Not long ago, Roy Lee was just a student at Columbia University who stirred controversy for using AI during job interviews at top tech firms. Today, he's the founder of Cluely, a startup that’s raised $5.3 million in funding and promises not just help with conversations, but full-on support for any social situation — from business meetings to romantic dates.
Cluely went viral thanks to a video Lee posted on X. In it, he’s on a date, with a large digital interface between him and his date, suggesting what she might be interested in talking about and how he should respond. Lee doesn’t see this as deception, but as a new normal — something society just hasn’t adapted to yet.

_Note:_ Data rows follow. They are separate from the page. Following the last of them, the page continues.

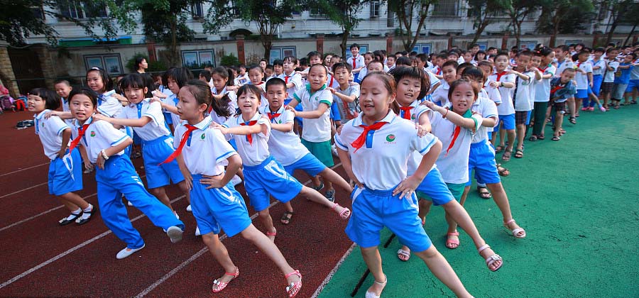 Beijing,23/11/2017(El Pueblo en Línea)-Cada vez hace más frío. Para energizarse, los estudiantes de diversas provincias chinas realizan diversos ejercicios físicos.La variedad va más allá lo imaginado.Estudiantes de primaria hacen el "conejo" en Haikou, provincia de Hainan, 12 de octubre del 2013.[Foto: VCG]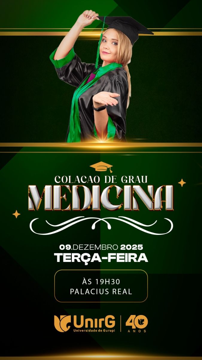 Na próxima terça-feira, 09, a Universidade de Gurupi - UnirG, realizará a 36° solenidade de colação de grau do curso de Medicina. A cerimônia ocorrerá no Palacius Real, às 19h30.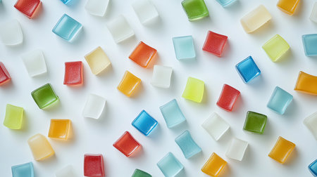 A vibrant assortment of colorful transparent gel cubes scattered across a light surface, showcasing a playful and artistic arrangement perfect for creative projects.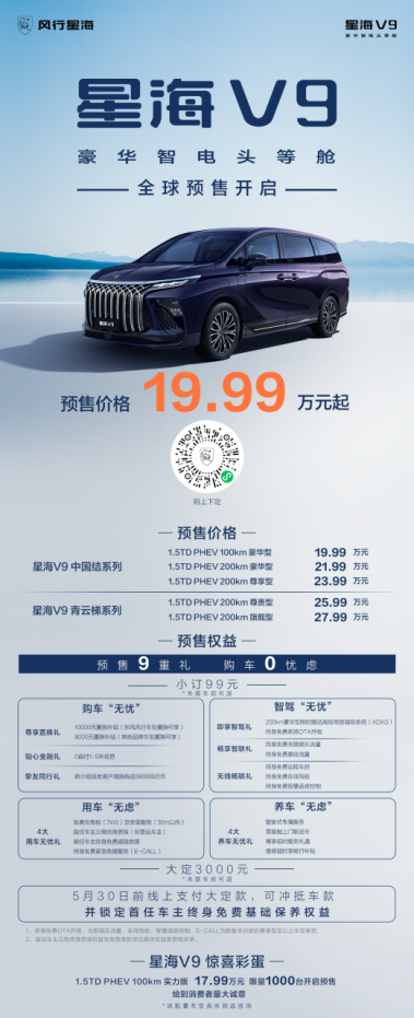 同时,风行星海V9也为下订车主准备了豪华的“预售9重礼”大礼包。预售期即刻交付99元定金,即可享受包括【尊享置换礼】东风风行老车主置换享10000元置换补贴,其他品牌车型置换可享8000元置换补贴;【贴心金融礼】0首付1-5年低息,更有【挚友同行礼】、【即享智驾礼】、【畅享智联礼】、【无线畅联礼】等至诚至意的购车政策,保障准车主们购车无忧、智驾无忧、用车无虑、养车无虑。5月30日前线上支付3000元大定款,可冲抵车款,并锁定首任车主终身免费基础保养权益,让用户轻松享受购车的高品质体验与服务。值得一提的是,东风风行还给用户带来惊喜彩蛋,限量预售1000台1.5TD PHEV 100km实力版车型,预售价只需17.99万元,给到消费者最大的诚意(该配置车型详情请到店咨询)。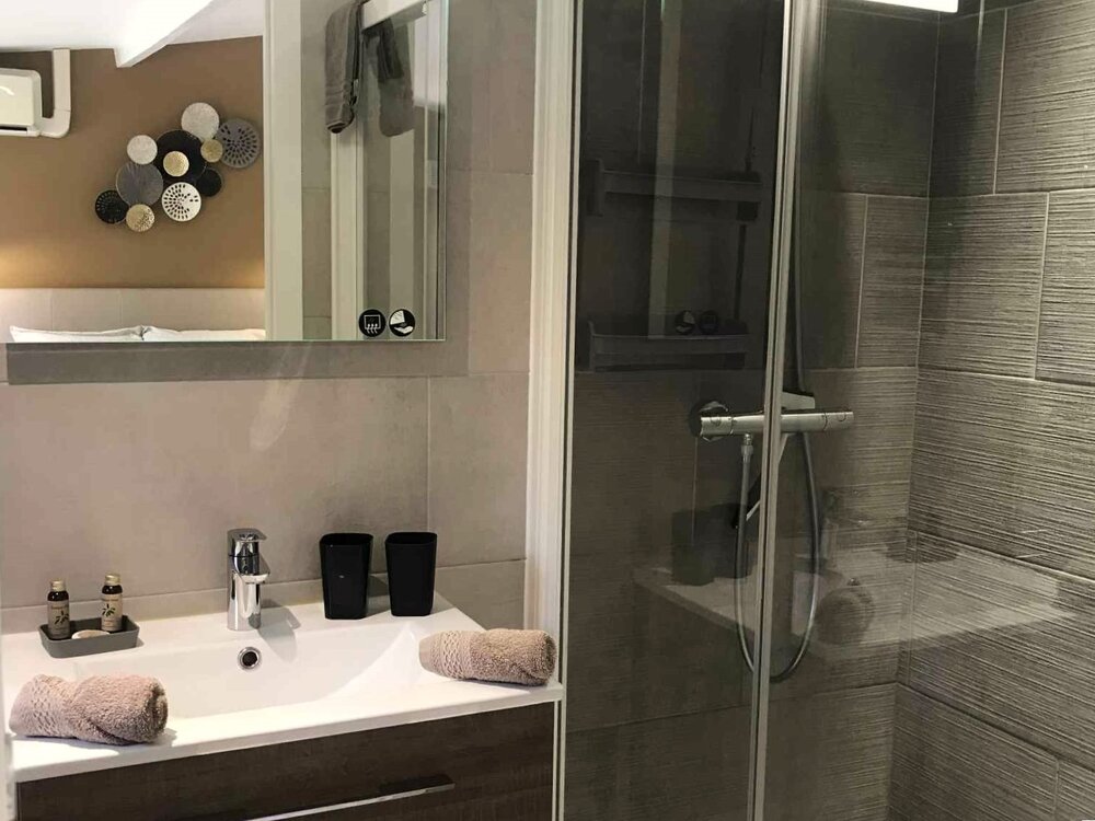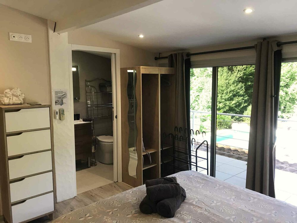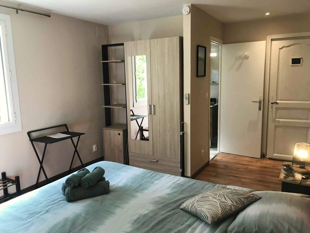 Accommodatie voor 3 tot 4 personen is mogelijk in twee kamers, zoals PERLE 2 en 2b, die dan van elkaar geïsoleerd zijn.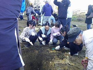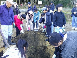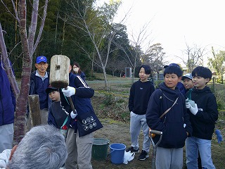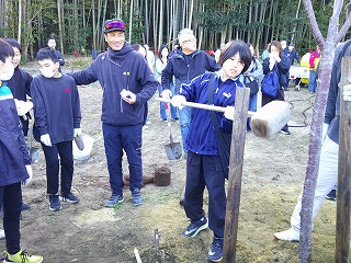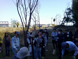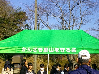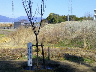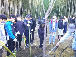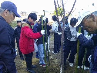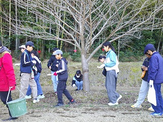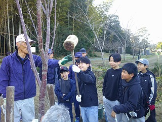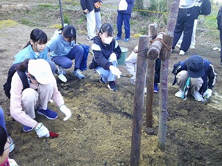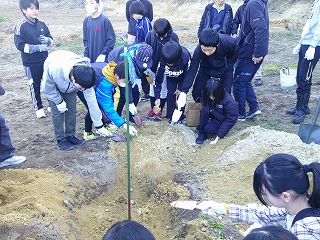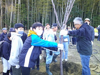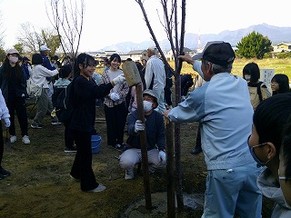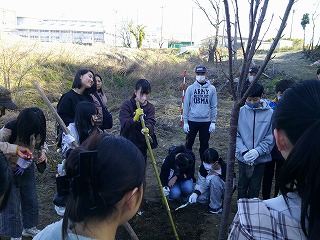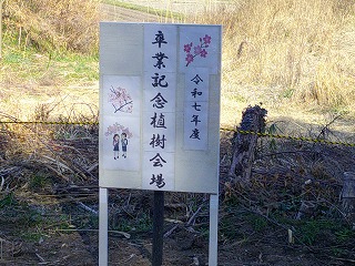 神前地区には10年以上前から続く、卒業前の恒例のイベントがあります。「神前地区地域社会づくり推進委員会」「神前里山を守る会」の方々が中心となって、神前地区にある大日山に、卒業を記念して植樹をさせていただくイベントです。今年度は、八重桜を2本植えさせていただきました。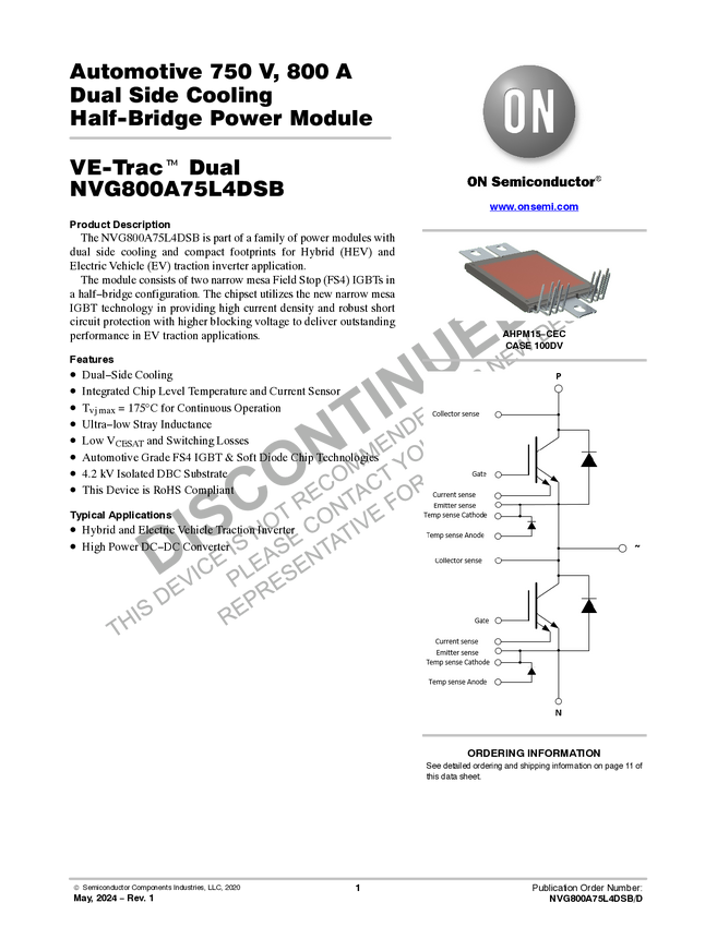 NVG800A75L4DSB VE-Trac Dual: Dual Side Cooling Half-Bridge Power Module for Automotive, 75...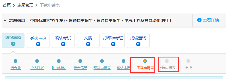 1、报名申请表:根据报名系统提示填写完成各项信息后系统自动生成。考生一定要确保信息无误后再“确认志愿”,并确保上传的申请表编号与报名系统中编号一致。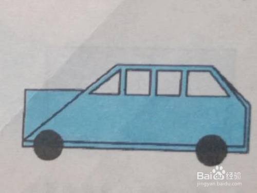 用画笔画出小轿车的窗户,并把小圆形贴在车上,小轿车就做好了。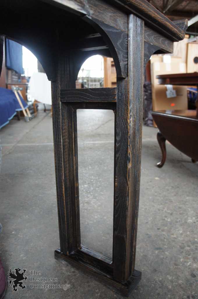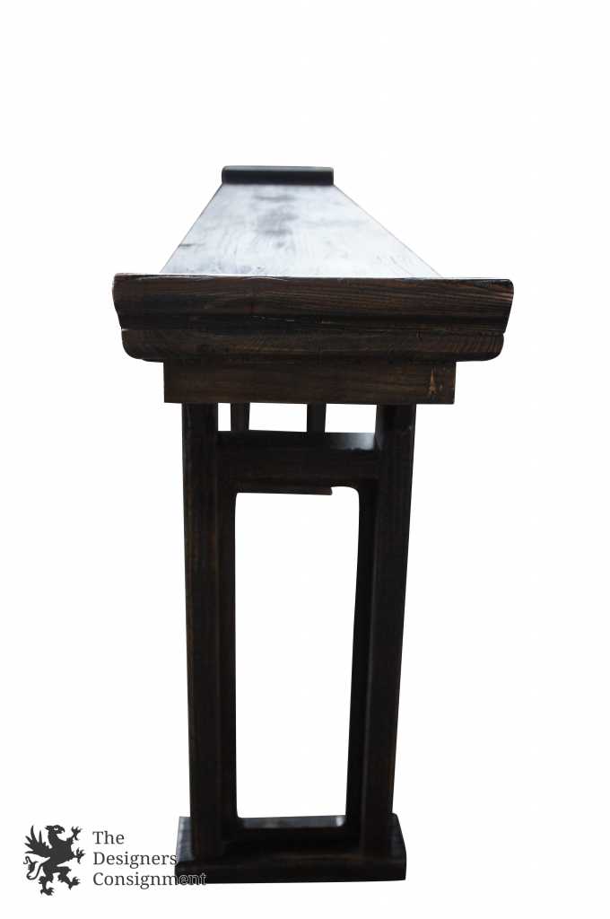 Inspired by an Asian antique, this rustic black serving table has a long, slender silhouette and shallow 12" depth perfect for narrow entries, smaller dining rooms or behind a sofa. The long, open space created beneath makes a great spot for baskets and stacks of books.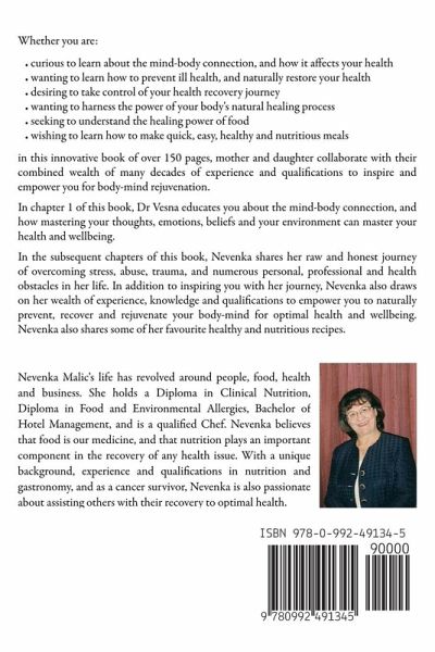 Whether you are:curious to learn about the mind-body connection, and how it affects your health wanting to learn how to prevent ill health, and naturally restore your health desiring to take control of your health recovery journey wanting to harness the power of your body's natural healing process seeking to understand the healing power of food wishing to learn how to make quick, easy, healthy and nutritious meals in this innovative book of over 150 pages, mother and daughter collaborate with their combined wealth of many decades of experience and qualifications to inspire and empower you for body-mind rejuvenation. In Chapter 1 of this book, Dr Vesna has the honour of educating you, the reader, about the mind-body connection, and how mastering your thoughts, emotions, beliefs and your environment can master your health and wellbeing. In the subsequent chapters of this book, Nevenka shares her journey of overcoming numerous personal, professional and health obstacles in her life. In addition to inspiring you with her journey, Nevenka also draws on her wealth of experience, knowledge and qualifications to empower you to naturally prevent, recover and rejuvenate your body-mind for optimal health and wellbeing. Drawing on her qualifications and experience as a Chef, Clinical Nutritionist and health practitioner, Nevenka also shares some of her favourite healthy and nutritious recipes. She created these specifically for her healing journey. This truly is an integrated step by step journey to body-mind rejuvenation.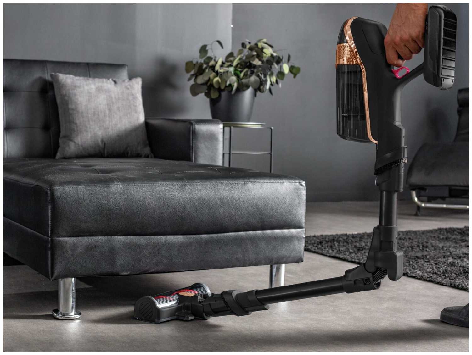 - Трубка складывается под углом 90°, что позволяет чистить под низкой мебелью без наклонов.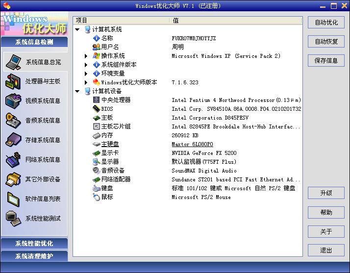 下面是我用Windows优化大师截的配置图,能不能装WindowsVista系统请高手给个意见。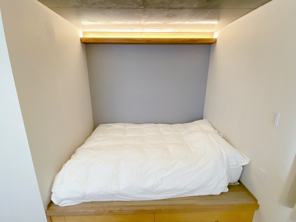 Un loft liniștit, minimalist, la doar o stație de Shibuya și Roppongi-, perfect pentru persoanele care călătoresc singure sau pentru lucrul la distanță. Dispunând de Wi-Fi rapid, un scaun Aeron și un pat dublu compact (150×210 cm)- ideal pentru o persoană, confortabil pentru două persoane. Baia din sticlă și pereții eleganți din beton îi conferă o margine modernă (notă: condens de iarnă - doar pornește ventilatorul băii). Deși nu există dulap, spațiul se potrivește pentru patru valize mari și include o bară de agățat și zece cârlige de perete pentru a păstra lucrurile ordonate. Serviciu de spălătorie săptămânal.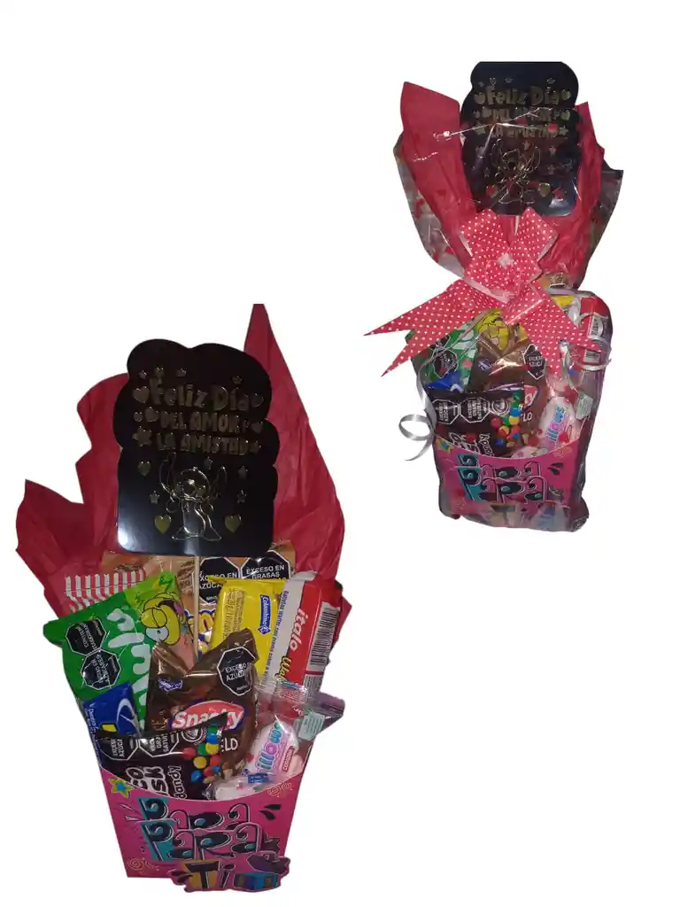 Arreglo de amor y amistad ( dulces surtidos, + pin) caja de color surtido +mas moño

The app is simple: it sees through a camera, hears through a mic, and instantly suggests responses, overlaying them onto the user’s display. Think voice-enabled ChatGPT, but embedded in AR glasses. Under the hood, it's powered by familiar language models, slightly tweaked by Lee’s team. But as Lee himself says, the magic isn’t in the tech — it’s in the interface that makes the user forget they're not thinking on their own.
Journalists who tested Cluely in a mock interview found the app lacking in speed and originality. Responses felt like they had just been generated in a browser, and the 20-second lag between question and answer shattered the flow of conversation. In real interviews, that kind of lag could be fatal. Lee claims the interface will get faster — especially if you turn off screen recording and leave only audio input.
But it’s Lee’s bold vision of the future that underpins Cluely’s philosophy: a world where you never need to memorize useless information again. He believes traditional education will fade, replaced by a model where kids only learn what genuinely interests them. Cramming? Obsolete.
Lee makes no apologies for what Cluely is — a tool for people who want to "win faster." He likens it to the calculator, which was once considered cheating, too. The point of Cluely, he argues, isn’t to replace human thought but to enhance it — to give everyone the same cognitive edge as AI super-users.
Cluely’s website features a bold manifesto: “We built Cluely so you'd never have to think alone again. While others guess — you already know.” For many, this is unsettling. The video’s comment section is filled with concern about the erosion of authenticity. But Lee says he's used to the criticism — and even welcomes it as proof that he’s on the right path.
If Cluely does become part of everyday communication, the conversation about what constitutes "cheating" may change forever. For Lee, there’s no doubt: the future belongs to the maximalists. His goal isn't to justify deception, but to convince the world that AI has already become an extension of human thought.